On 25 January 2006, Israel brought 21 charges against Vanunu for the hundreds of interviews he gave with foreign media in 2004.
On 30 April 2007, the Jerusalem Magistrate's Court, convicted Vanunu on 14 [out of 21] counts of violating a court order prohibiting him from speaking to foreign journalists in 2004. Vanunu was also convicted for traveling the four miles from Jerusalem to Bethlehem when he hoped to attend Christmas Eve mass at the Church of the Nativity, his first Christmas after being released from 18 years in jail [most of it in solitary] on April 21, 2004.
On 2 July 2007, Israel sentenced Vanunu to six more months in jail for speaking to foreign media in 2004.

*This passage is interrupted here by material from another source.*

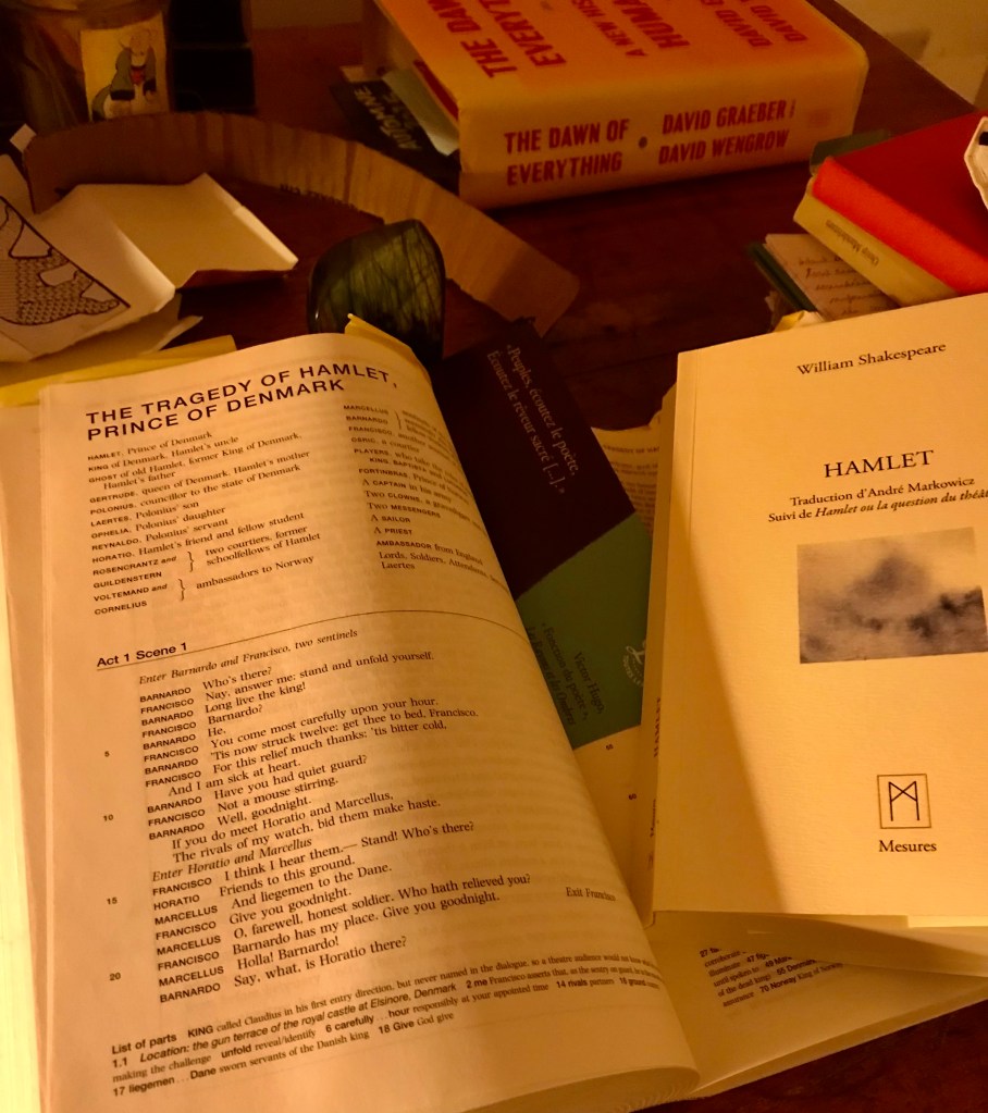 These reflections, following on the impassioned reading of Hamlet ou la question du théatre (Hamlet or the matter of theater) by André Markowicz, accompanying his French translation of Hamlet, a play I thought I knew, only to discover it here, metamorphosing before my eyes. Yes, I set everything aside to rush into its reading yesterday, upon receiving the parcel form Editions Mesures, for a veritable master class in translation, home delivered. Penniless, and how, but that’s nothing, truly nothing. Peter Brooke was right when he said to André Markowicz that the most important reply in Hamlet was “The readiness is all“.
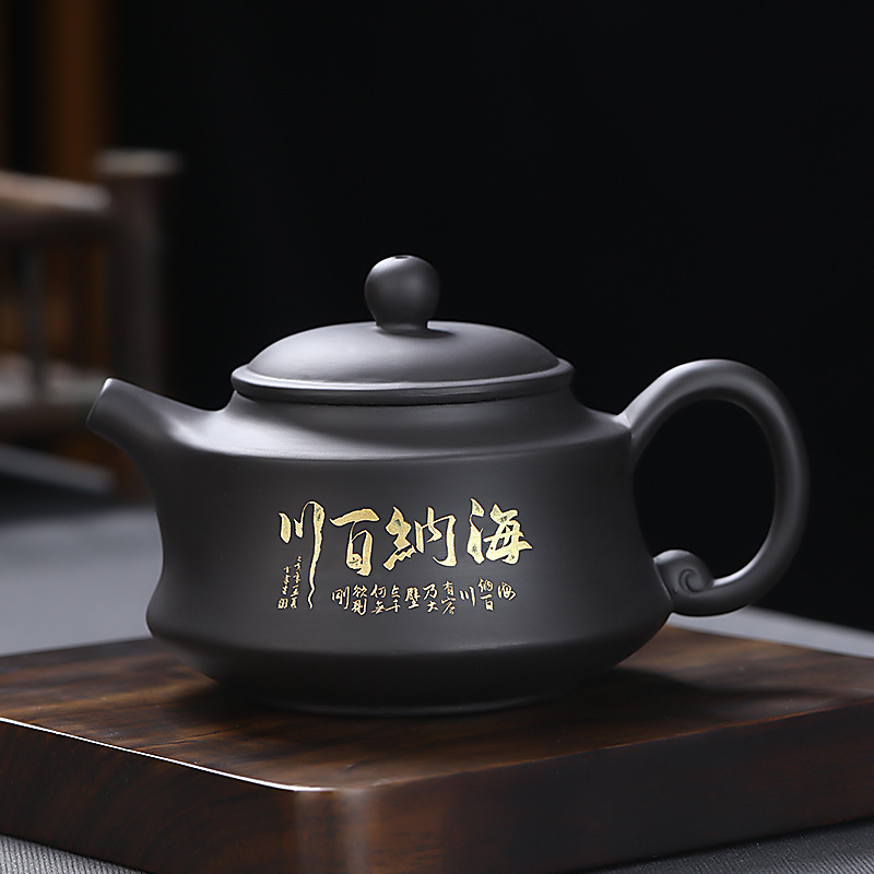 描金原鉱紫砂半手作りポット家庭用可養泡茶器中国風工夫茶器小ティーポット純色

On 23 September 2008, the Jerusalem
District Court reduced Vanunu's sentence to three months, "In light of
(Vanunu's) ailing health and the absence of claims that his actions put the country's
security in jeopardy."
In 2010, he served a sentence of 78
days in solitary confinement.
A few weeks after, Vanunu relocated to Tel Aviv where he is "regarded as a Spy, Traitor, Enemy."
On 4 October 2010, the International League for Human Rights-FIDH/AEDH Germany, announced Vanunu was awarded the 2010 Carl-von-Ossietzky-Medal and an international campaign was launched to assure he be at the Award Ceremony, in Berlin on December 12, 2010. As Israel denied Vanunu the right to attend the ceremony was renamed a protest and went on as planned- but with an empty chair where Vanunu should have been.
On 11 October 2010, Vanunu returned to the Supreme Court seeking to rescind the restrictions that have denied him the right to leave Israel.
Israel DENIED his right to even appeal!
On 29 March 2011, Israel's parliament passed a law that allows courts to revoke the citizenship of anyone with dual citizenship convicted of spying or treason.
Vanunu was born and lived in Morocco
until he was 9; and time will tell if his legal team will seize this
opportunity to seek his deportation back to his homeland.